§ **Task input**
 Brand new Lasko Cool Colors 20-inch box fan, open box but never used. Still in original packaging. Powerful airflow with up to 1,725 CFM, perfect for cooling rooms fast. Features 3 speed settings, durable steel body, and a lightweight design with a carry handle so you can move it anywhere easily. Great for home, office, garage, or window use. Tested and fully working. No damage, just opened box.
--
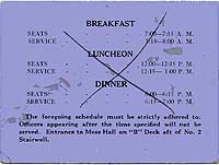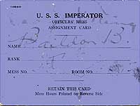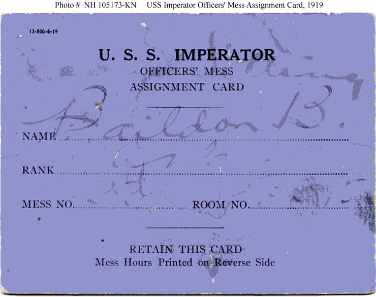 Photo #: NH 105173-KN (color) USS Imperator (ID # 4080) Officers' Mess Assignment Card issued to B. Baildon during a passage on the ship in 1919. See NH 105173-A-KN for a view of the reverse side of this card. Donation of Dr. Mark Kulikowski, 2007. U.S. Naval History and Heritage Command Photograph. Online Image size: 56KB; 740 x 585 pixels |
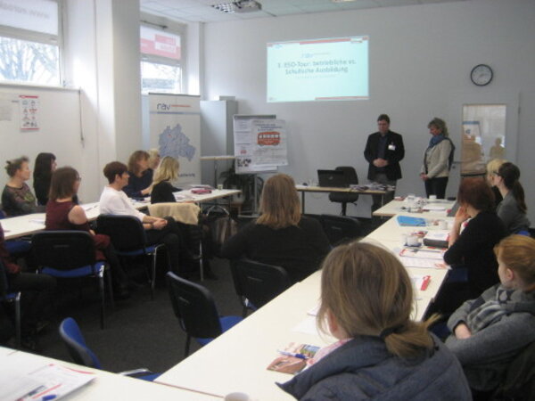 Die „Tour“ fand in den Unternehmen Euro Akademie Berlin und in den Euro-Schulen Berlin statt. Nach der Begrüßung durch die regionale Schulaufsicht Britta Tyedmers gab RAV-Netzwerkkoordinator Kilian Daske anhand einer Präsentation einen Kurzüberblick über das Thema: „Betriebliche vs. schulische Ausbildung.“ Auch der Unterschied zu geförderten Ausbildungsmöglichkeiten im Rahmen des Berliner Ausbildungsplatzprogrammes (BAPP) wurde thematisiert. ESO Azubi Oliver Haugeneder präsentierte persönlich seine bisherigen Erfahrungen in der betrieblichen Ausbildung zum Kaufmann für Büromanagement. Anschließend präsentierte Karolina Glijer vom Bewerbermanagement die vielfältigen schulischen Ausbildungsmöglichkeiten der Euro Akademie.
---
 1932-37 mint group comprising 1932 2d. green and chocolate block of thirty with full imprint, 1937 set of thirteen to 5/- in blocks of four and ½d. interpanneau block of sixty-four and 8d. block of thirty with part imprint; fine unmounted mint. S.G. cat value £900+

§ **Prompt**
Look over the material above and report each line holding "with".

§ **Solution to the exercise**
 Brand new Lasko Cool Colors 20-inch box fan, open box but never used. Still in original packaging. Powerful airflow with up to 1,725 CFM, perfect for cooling rooms fast. Features 3 speed settings, durable steel body, and a lightweight design with a carry handle so you can move it anywhere easily. Great for home, office, garage, or window use. Tested and fully working. No damage, just opened box.
 1932-37 mint group comprising 1932 2d. green and chocolate block of thirty with full imprint, 1937 set of thirteen to 5/- in blocks of four and ½d. interpanneau block of sixty-four and 8d. block of thirty with part imprint; fine unmounted mint. S.G. cat value £900+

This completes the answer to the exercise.